BACKGROUND OF THE INVENTION
Textile spinning machines such as carding machines, draw frames, combers, lap formers, speed frames, ring frames, and air jet spinning machines include a drafting unit. Drafting is one of the most important processes involved in textile spinning machines. The drafting unit comprises a plurality of drafting rollers, which include upper drafting rollers and lower drafting rollers arranged in a parallel manner. In the drafting unit, the drafting rollers run at different speeds from the back to front roller pairs. During this action, the weight per unit length of fibers is reduced successively so that the fiber assembly becomes thinner. Additionally, some of the fibers in the cross-section of the final fiber strand become straight and parallel.
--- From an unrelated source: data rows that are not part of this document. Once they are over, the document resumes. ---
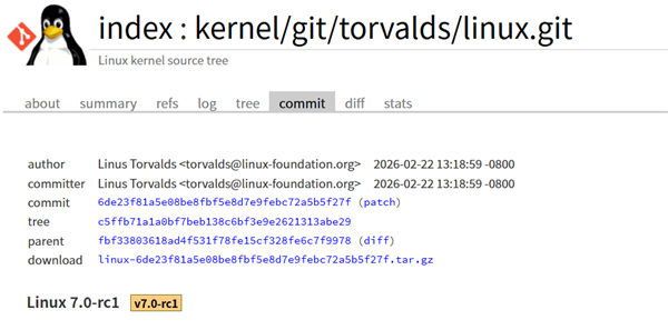 当前,Linux 7.0-rc1已发布,源码可从git.kernel.org获取。
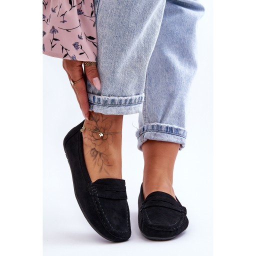 MOKASYNY DAMSKIE ZAMSZOWE CZARNE 38
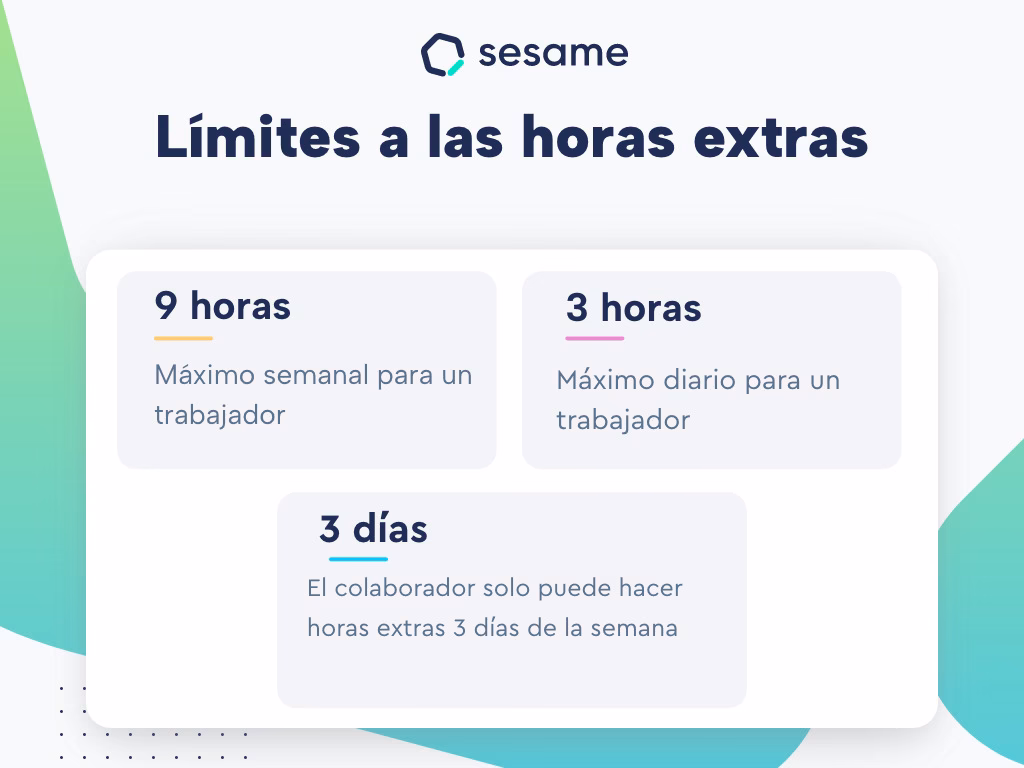 | Límite Diario/Semanal | N/A (límite anual) | 3h/día, 9h/sem (dobles), exceso triple | 2h/día, 12h/sem |
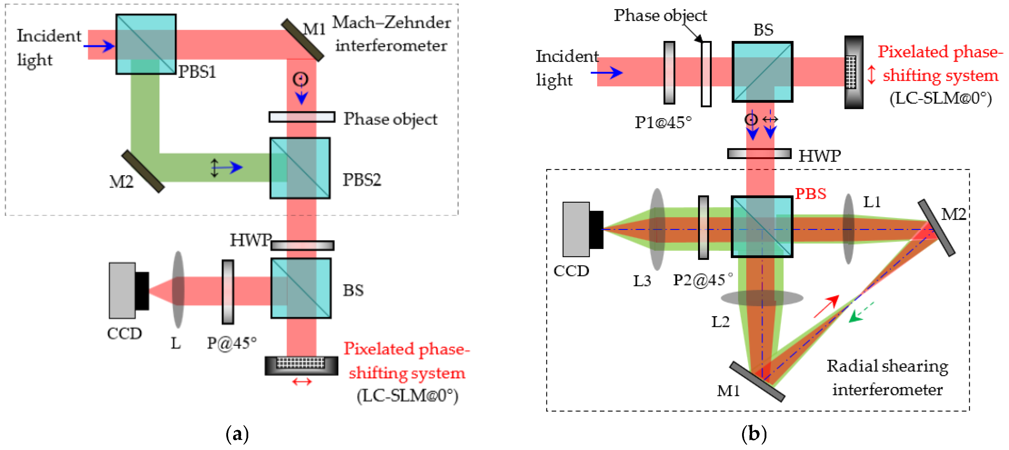 Figure 3 illustrates two representative optical configurations for pixelated PSI based on the LC-SLM, where the technique is applied respectively to non-common-path and common-path interferometers. In the Mach–Zehnder interferometer shown in

In the drafting arrangement, top rollers are used to draft the feed slivers by the action of friction as they are loaded against the bottom rollers. Top rollers are covered by a cot made of synthetic rubber or polymer material. Cots in the drafting unit provide uniform pressure applied on the fiber strand. This cot covering influences efficient drafting, resulting in a better grip and control over the fibers, particularly on floating fibers.

However, during continuous operation, the rubber cot mounted on the top roller loses its desired properties, such as shore hardness, and results in honeydew layer formation. This loss in shore hardness is a significant property of the top roller cot that influences drafting quality. Due to these losses, a certain degree of eccentricity develops on the rubber cot, leading to quality deterioration in processing the fiber bundle. Prolonged use causes the cot surface to become smoother progressively, increasing the chances of material slippage and resulting in drafting faults and roller lapping. To improve these cot properties, the cots are ground periodically to enhance sliver quality.

In the existing grinding process of the rubber cots, the bearing unit fixed in the roller shaft must be removed along with the end plug to clamp the top roller between the grinding centers of the grinding machine. In mill practice, due to continuous running and heat generation on top rollers, cot grinding is necessary every 168 hours to improve shore hardness and surface roughness. Due to periodic grinding and improper mounting and dismounting practices of bearings in the top roller shaft, the balls/rollers of the bearing get damaged, affecting the bearing's performance and leading to excessive heat generation and lubricant starvation. This process consumes more effort and time of the personnel involved due to the complexity of the arrangement. Moreover, it affects the operating life of the bearing, shaft, and the durability of the top roller.

In another existing drafting assembly, the bearing assembly is mounted on the extended drafting roller shaft directly. Since the drafting roller shaft is extended throughout the length of the drafting roller, manufacturing the roller is difficult, and the manufacturing cost and time for assembling are higher. In the existing construction, the bearing assembly is exposed to dust and fiber accumulation during normal working processes or grinding processes.

There has thus been a need to enhance the lifetime of the top roller bearing and shaft for drafting rollers for high production with desirable quality that would overcome the disadvantages present in the existing machines.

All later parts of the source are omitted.